Furthermore, discovering patterns of information thermodynamics within the system is crucial in identifying critical regimes and phase transitions, and providing efficient means for an accurate forecasting and precise control of system behaviour.

One of the key challenges of Information Thermodynamics [1] is a lack of rigorous characterization of a dynamic balance between various information flows in the vicinity of phase transitions. An adequate information-theoretic framework for critical, edge-of-chaos, phenomena is yet to be developed. On the one hand, it is conjectured that at the edge of chaos the distributed computation, intrinsic to complex dynamics, maintains a balance between high information storage, information transfer and synergistic information (or novelty generation). For example, transfer entropy [2], characterizing the communication aspect of computation, is known to peak near critical regimes [3,4], while Fisher information [5] is known to peak at phase transitions [6]. On the other hand, it remains unclear how such dynamic balance is related to physical fluxes which are observed and studied during phase transitions. This work is motivated by the need to develop a new measure which shares properties of both transfer entropy and Fisher information, and apply it to a well-understood physical model.

Computation-theoretically, transfer entropy was shown to capture one of the three elements of distributed computation: communication from system *Y* to system *X* [7,8]. Transfer entropy was observed to be locally maximized in coherent propagating spatio-temporal structures within cellular automata (i.e. gliders) [7] and self-organizing swarms (cascading waves of motions) [9]. In another context, transfer entropy was found to be high while a system of coupled oscillators was beginning to synchronize, followed by a decline from the global maximum as the system was moving towards a synchronized state [10].

Thermodynamically, transfer entropy was found to be related to the external entropy production by the system *X* in the context of *Y* , due to irreversibility (e.g. heat flux) [11,12]. In addition, maxima of transfer entropy were observed to be related to critical behaviour, e.g. average transfer entropy was observed to maximize on the chaotic side of the critical regime within random Boolean networks [3]. Furthermore, in a ferromagnetic two-dimensional lattice Ising model with Glauber dynamics, (collective) transfer entropy was analytically shown to peak on the disordered side of the phase transition [4].

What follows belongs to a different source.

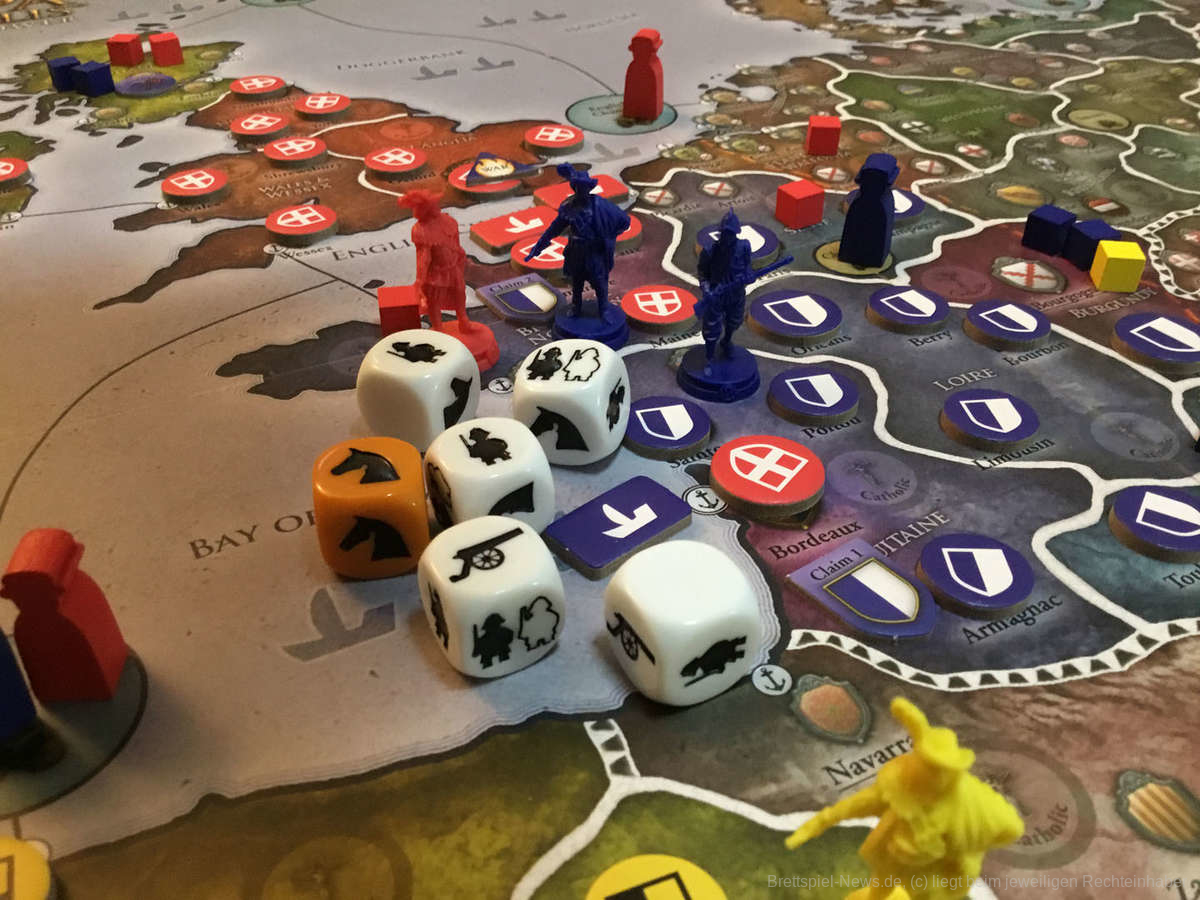 Auf die Aktionsphase entfällt die meiste Spielzeit. Besonders in den ersten Partien sind die angegebenen 90 Minuten nicht zu schaffen. Abgesehen von den Aktionskarten ist praktisch fast alles möglich. Könige und Berater können sterben. Herrscher können auch als General auf dem Schlachtfeld kämpfen. Ihrer Lebenserwartung ist das allerdings meist nicht zuträglich. Es gibt Allianzen, Krieg und anschließende Friedensverhandlungen, die auch durch eine Kapitulation aufgezwungen werden können. Um einen Krieg zu beginnen, braucht es natürlich einen triftigen Grund. Den nötigen Casus Belli gilt es dann nur noch herbeizuführen. Royale Hochzeiten dürfen natürlich auch nicht fehlen. Sollte ein Ehepartner sterben, wäre das beispielsweise solch ein Kriegsgrund.

Elements of the Fisher information matrix were explicitly related to gradients of the corresponding order parameters [6], providing another important connection between information-theoretic and thermodynamic interpretations of critical behaviour. It is obvious, however, that transfer entropy and Fisher information reflect on quite different aspects of the dynamics. Information-theoretically, transfer entropy is centred on information dynamics during state *transitions* in the *context* of another source, while Fisher information quantifies the amount of information in an observable variable about a parameter, and thus estimating *sensitivity* to changes in the parameter. Thermodynamically, transfer entropy is related to the external entropy produced by a system during a transition, while Fisher information is proportional to the gradient of an order parameter, diverging when the system approaches a critical point. Under certain conditions, these two measures can be explicitly related [13], i.e. in isothermal systems near thermodynamic equilibrium, the gradient of a suitably defined transfer entropy is shown to be dynamically related to Fisher information and the curvature of system’s entropy. In other words, ‘predictability’ of computation (transfer entropy) is explicitly connected to its ‘sensitivity’ (Fisher information) and ‘uncertainty’ (thermodynamic entropy).

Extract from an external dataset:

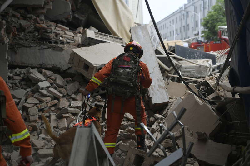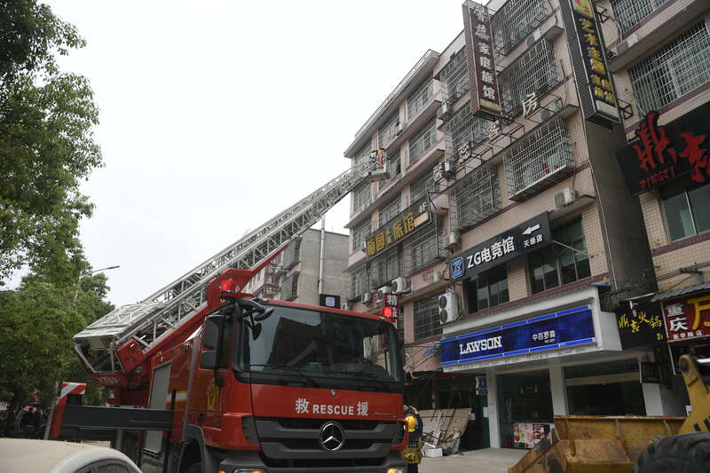 消防人员对紧邻垮塌建筑内部的人员进行紧急疏散。

There are other results relating Fisher information with various entropy measures (e.g. [14–21]), as well as showing that Fisher information provides a variational principle using which it is possible to derive, under suitable constraints, several fundamental physical laws in equilibrium and non-equilibrium thermodynamics, e.g. [16,22–25], and also relating Fisher information to synaptic plasticity and complexity of neural networks [26].

However, the main motivation of this study is a desire to meaningfully *combine* Fisher information and transfer entropy, in order to capture both *transient* and *contextual* qualities of transfer entropy and *sensitivity* characteristics of Fisher information. This may ultimately reveal fundamental connections between elements of information dynamics at critical points. Such a measure may also be useful in characterizing regimes near various tipping points occurring when a small change triggers a strong or even catastrophic response [27,28], e.g. tipping points in climate, ecosystem or financial market dynamics. Some tipping points are extremely difficult to model and anticipate, and so a new measure which would combine the sensitivity of Fisher information and the interaction context captured by transfer entropy could extend the set of forecasting tools available for analysis of challenging nonlinear dynamical systems.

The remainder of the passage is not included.